Friday 4 July 2014

The Silver Washed Fritillary, Argynnis paphia

This colourful and impressive butterfly is one of the stars of Dene Park and the surrounding woodlands in the northeast of the Parish.

Description

This is a large orange strongly-flying butterfly, the largest of the UK fritillaries, which shows subtle silvery-green markings on the underside of its rear wings. It likes areas of woodland with some fairly open areas, where the caterpillar food-plant of violets can thrive. However, I haven't located a likely caterpillar site in our woods yet, so it is a bit of a mystery.

This is a photo of an adult male in Tudeley Woods middle of July 2014 very clearly showing the male sex-brands, packed with androconial scales designed to release the male pheromone, in the four dark lines on the fore wing only found in the males. The female lacks these four lines, but their black wing splodges tend to be more extensive, thereby appearing darker overall. They tend to be seen slightly less than the males. The photo also shows the greenish and brownish iridescent hairs over the top surface of the thorax. Its left wing of this individual has in fact been partly severed, perhaps by the bite of a large beak.

07-2014, Tudeley Woods, Capel

This is a female, without the four dark lines, and with an overall darker appearance on the wings:

Dene Park, 22-07-2012



Distribution

The Silver-Washed Fritillary is generally found along woodland tracks in clearings and on woodland edges, and the best place to see it in Hadlow Parish is undoubtedly Dene Park, which is apparently open enough for it. It does tolerate more shade than the other fritillaries, none of which are found in Hadlow. It occasionally wanders a little further afield, but rarely, and to little long-term effect. In Kent it may be found in other woodlands across the county, and currently seems to have a bit of a stronghold around Tonbridge and Hildenborough. This is a rather nice view of a male in Dene Park, again showing how much brighter it is than the female:

Dene Park, 22-07-2012

In the UK, this butterfly has been the subject of mixed fortunes, and is now rather less common and less widely distributed than it used to be. It is currently rarely found north of a line drawn between the Mersey and the Wash in Great Britain, although it can be found further to the north on the island of Ireland. Also in the damper west, it is less rigorously confined to woodland and may often be found even along hedge-banks.
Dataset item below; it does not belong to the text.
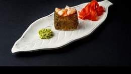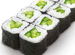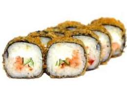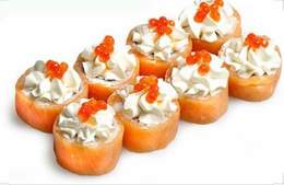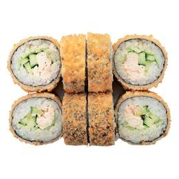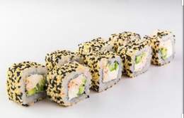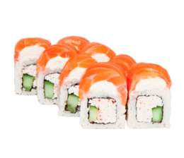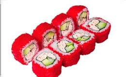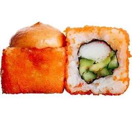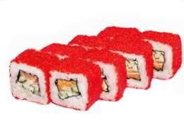Рис, нори, огурец, краб-крем, икра- тобико, лосось

Internationally this butterfly is found across much of the Palaeartic, throughout much of temperate Europe and Asia.


Life cycle

One of the strange features of this butterfly is its habit of finding a woodland clearing with violets, the caterpillar food-plant, and then laying its eggs, often at a reasonable height, in fissures in the bark of nearby trees. This implies quite a journey for the newly hatched caterpillar n order to find its first proper meal!

Adults are generally seen flying strongly along woodland rides and tracks, settling from time to time to rest or take nectar from flowers such as brambles. One of the lovely things in life is to see a male looping continuously in the vertical plane around a female as it flies straight along, in their graceful nuptial dance.



The adults fly throughout July and August, and often lay their whitish eggs in regularly favoured locations, such as a woodland clearing. The hatched caterpillars simply eat their egg-shell, spin a pad of silk, and then settle down to hibernate for the winter. In the spring they finally travel down to ground level to search out violet leaves to feed from. The brownish caterpillars marked with orange may bask on dead leaves for long periods and up to a foot from the living clumps of violets they are feeding from. By June they are fully grown and climb back up onto trees in order to pupate, when they look like dangling dead leaves.


Oddities

There is a strange darker grey-greenish form called Valesina found in the centre of the South of England, but I don't think it currently extends into Kent, and I have no photo of it.


Predators and parasites

Birds take many, but the life of an individual adult may be nearly a month.